Marginal performance improvement with Titan V (volta) + CUDA 9 + CUDNN 7

Raised the issue here: https://github.com/apache/incubator-mxnet/issues/9087

We’ve received a couple NVIDIA Titan V (Volta) cards and experimenting with half precision and without half precision we’re seeing marginal performance improvement with half-precision (dtype = float16) set, also tried with Titan X (Pascal), although we didn’t expect half precision to work on Pascal architecture.

This was tested with release 1.0.0

Running on a machine with CUDA 9.0 + CUDNN 7.0.5

To reproduce, one epoch on resnet for CIFAR10 script:

time python2 train_cifar10.py --dtype float16 --network resnet --num-epochs 1 --num-layers 110 --batch-size 512 --gpus 0

for Titan V (Volta) we’re getting:

~2700 samples/sec with half precision on, and ~2900 samples/sec when off. Which I believe should be the opposite if anything.

Also we’re not getting a massive speed improvement between the Titan X (Pascal) and Titan V (Volta).

for Titan X (Pascal) we’re getting:

~2600 samples/sec with half precision on, and ~2228 samples/sec when off.

The performance improvement on the Titan X (Pascal) is much better.

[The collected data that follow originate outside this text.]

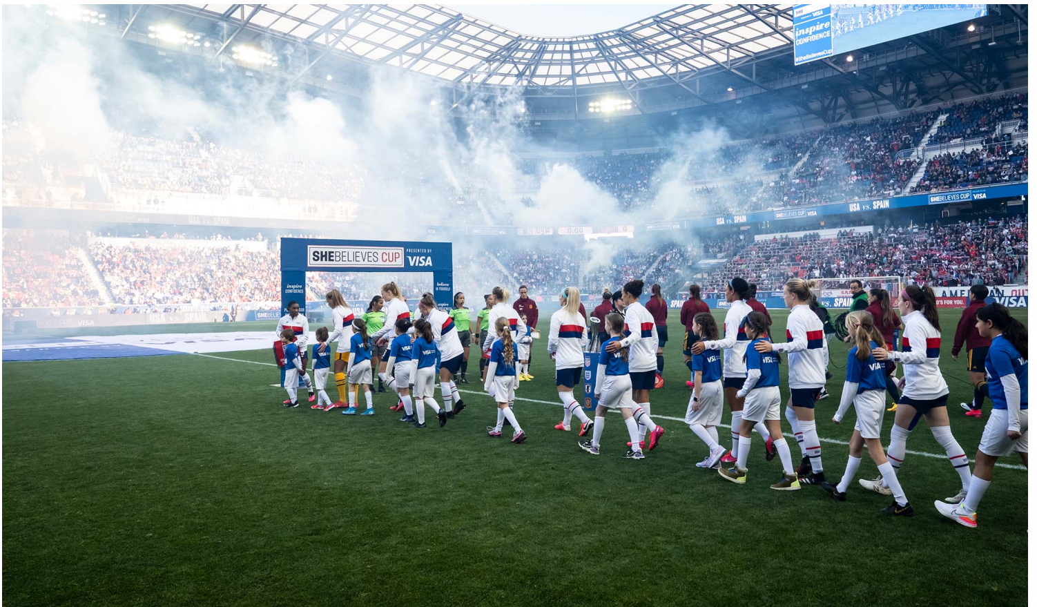
2020年3月8日，美国，2020年SheBelieves杯，美国队与西班牙比赛。

在普通的中学体系中，由于“压力山大”的中国的高考制度，绝大部分学生几乎没有系统参与体育训练的时间，即使有体育特长生的政策，能让部分高水平运动员能以相对低的分数进入较好的大学，但始终名额稀少。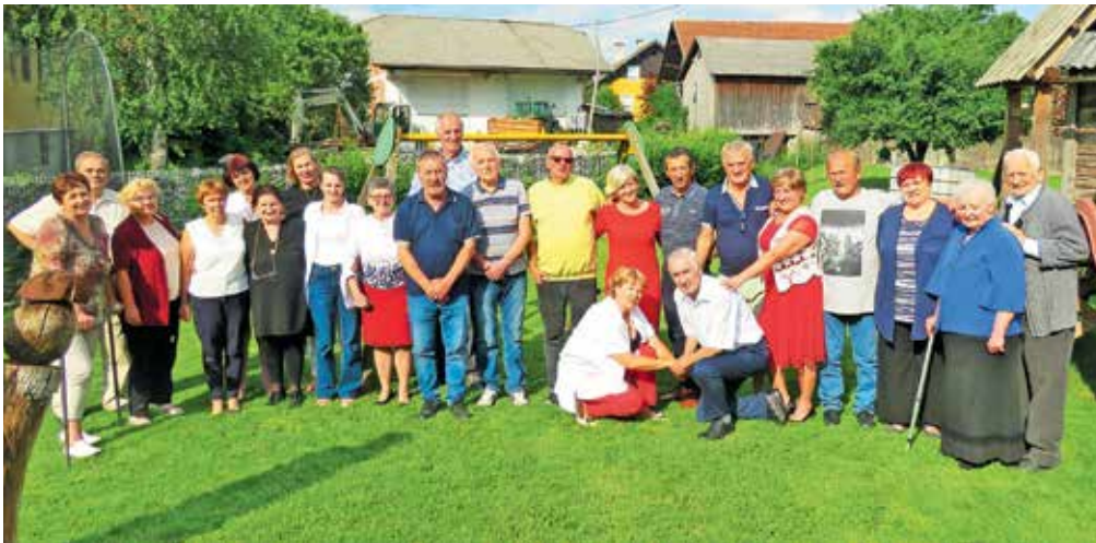
Srečanja ob 50. obletnici valet se je udeležilo 19 nekdanjih sošolcev ter oba razrednika in dva učitelja.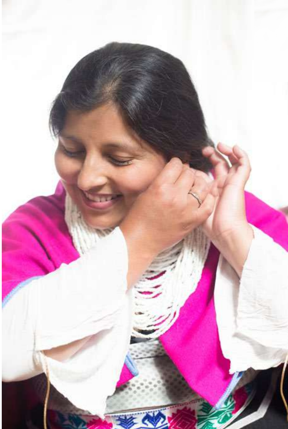
Figura 14. Rebozo Rojo, Cauca. [Fotografía Por Alex Ballesteros]. (Silvia-Cauca. 2018).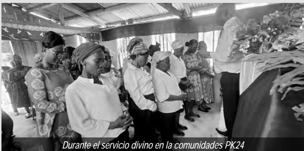
Durante el servicio divino en la comunidades PK24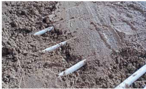
Der Estrichmörtel, hergestellt mit dem Bindemittel A58 der Ardex GmbH, ist in einer plastischen Konsistenz verarbeitet worden. In das Tragverhalten der Estrichlastverteilschicht wurden auch die Estrichbereiche zwischen den Heizrohren mit einbezogen.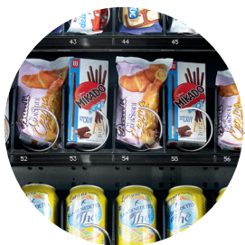
Perfekte Sicht des Verkaufsinnenraums

I got similar result, and found an explanation on the topic:

Here is the explanation:

To enable it, you need to set the datatype parameter to CUDNN_DATA_HALF when calling
cudnnSetConvolutionNdDescriptor or cudnnSetConvolution2dDescriptor_v5
Of course, the input tensor and output tensor need also to be of datatype CUDNN_DATA_HALF
If you call cudnnSetConvolutionNdDescriptor with datatype CUDNN_DATA_FLOAT but the tensor are of
type CUDNN_DATA_HALF, then the input are converted from fp16 → fp32 and the math are done in FP32 > and the output is converted back to FP16

Additionally, I think the problem exist at the following lines of code in
mxnet/src/operator/convolution.cu, line 63:

// On fp16-I/O instances, use fp32 compute (i.e. pseudo-fp16).              
int compute_type = (dtype == mshadow::kFloat16) ? mshadow::kFloat32 : dtype;

If compute_type is changed to dtype directly, I think the performance problem in FP16 can be resolved.

Thanks liangfu.

Are you suggesting to just do a straight assignment to dtype to compute_type without the check? Sounds logical. Good catch. I can give it a try and will report back.

Elie